This horror movie has been gaining kudos for eschewing many of the staples of the genre – jump scares, excessive gore, torture, CGI, etc. And it is to be applauded for taking a much more character based approach to horror. I admire trying to do something different with the genre, and I always prefer horrors that invest in characters, but ultimately it doesn’t quite deliver.
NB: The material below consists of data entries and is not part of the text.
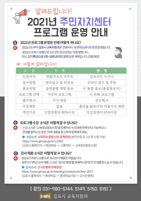 기타 자세한 사항은 시 홈페이지(http://www.gimpo.go.kr/learning/index.do)를 참고하거나 교육지원과 평생학습팀(☎031-980-5144, 5149, 5150, 5151)으로 문의하면 된다.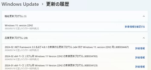 先月のエラーがちょっと気になる2月のWindows Updateです。結局回復パーティションの操作が必要というのは変わらず。先月エラーだった環境は今月もエラーになります。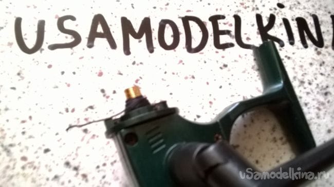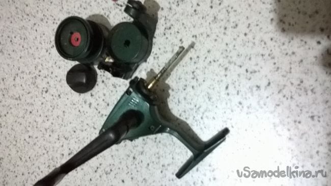 Аккуратно проворачивая ручку катушки, центруем патрон. Надо добиться минимального колебания. Даем клею остыть пол часика.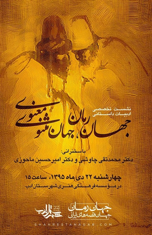 به گزارش خبرگزاری تسنیم، پانزدهمین نشست تخصصی ادبیات داستانی شهرستان ادب با عنوان «جهان رمان، جهان مثنوی معنوی» برگزار میشود. در این نشست محمدتقی چاووشی و امیرحسین ماحوزی از پژوهشگران شناخته شده حوزه ادبیات داستانی سخنرانی خواهند کرد.
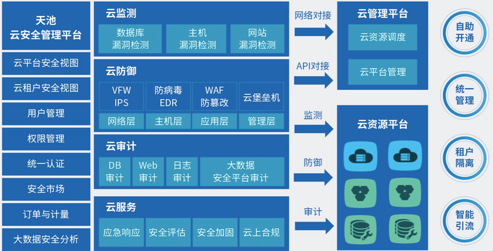 對各種安全能力集中管理調度,結合大數據分析,為云租戶提供安全視圖,可對云資源實現整體安全感知。
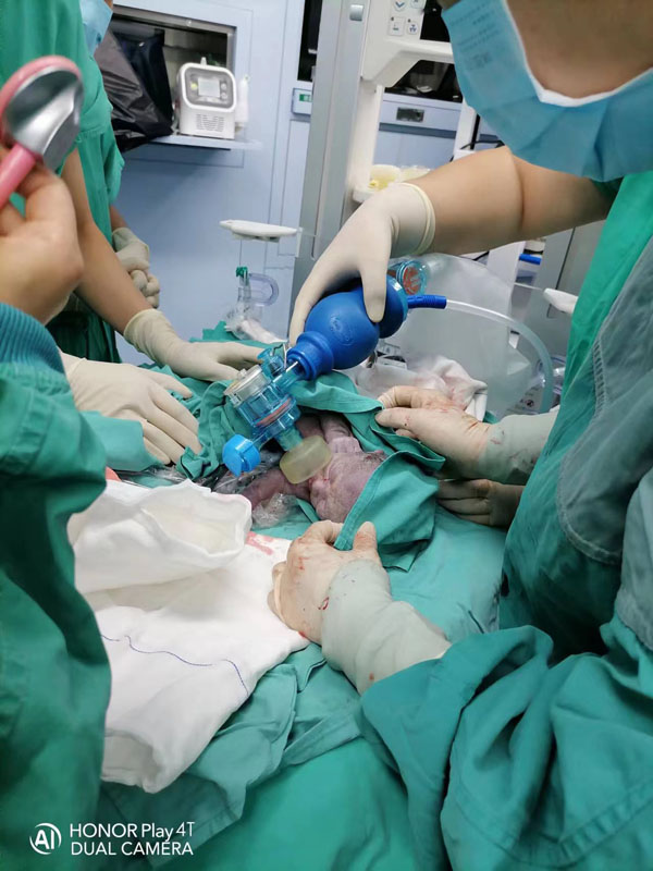 经过综合评估孕妇病情,诊断为妊娠期高血压性心脏病心功能III级、重度子痫前期,妊娠风险等级为高风险(红色标识),孕妇已经出现合并症和并发症,病情危重。东院产科随即与麻醉科贾丽主任、新生儿科沈颖主任、手术室李淑军护士长积极沟通,组织科室会诊,各科专家达成统一意见,在充分做好备血、新生儿窒息复苏等各项准备情况下立即进行剖宫产终止妊娠,同时制定了缜密可行的手术麻醉方案及术中、术后突发情况的应对措施。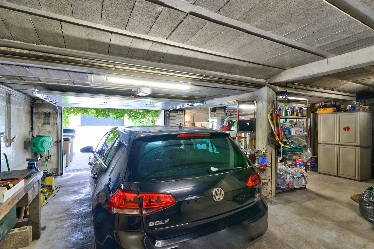 Au sous-sol, un grand garage (2 voitures possibles), une pièce totalement insonorisée, un coin atelier.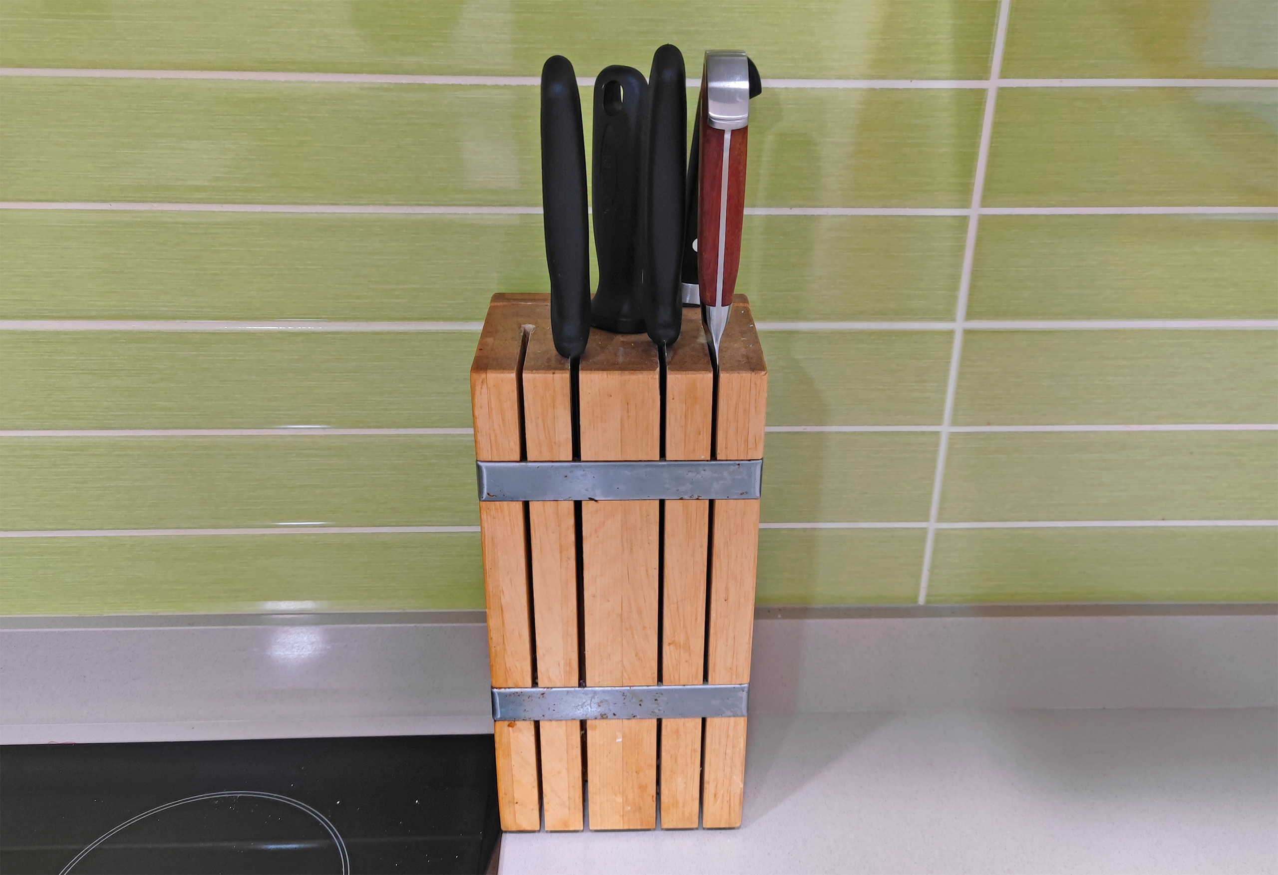 Раньше я использовал вот такую подставку-держалку для ножей (купил в ИКЕА вместе с набором ножей).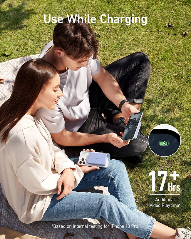 - Anker Power Bank PowerCore Magnetic 5K 521 Magnetic Battery, 5000 mAh Magnetic Wireless Portable Charger with USB-C Cable - Violet

The family dynamics centre around Toni Collette’s Annie deal with the death of her domineering mother while working on a miniatures art exhibition, and her relationship with her quirky daughter Charlie and stoner son Peter, with supportive husband Gabriel Byrne always on hand. At times it feels more like an extended family drama – like Manchester by the Sea sprinkled with the Exorcist. It is slow at times, with major events occurring every 30 minutes or so. It contains one scene that made me declare aloud in the cinema “Holy fuckshit!”. But then, I was the only one in there during the current heat wave. It also has an ominous, dread inducing soundtrack, not unlike that used to such effect in February. But whereas in that (underrated) film the soundtrack drove the narrative onwards, here it seems intrusive.

It most closely resembles the Witch, but that had oppressive New England, an aesthetic of brown and a talking goat to commend it. Collette’s performance as the unravelling mother is enthralling, but I didn’t feel any peril for the main characters and confess to being bored a lot of the time.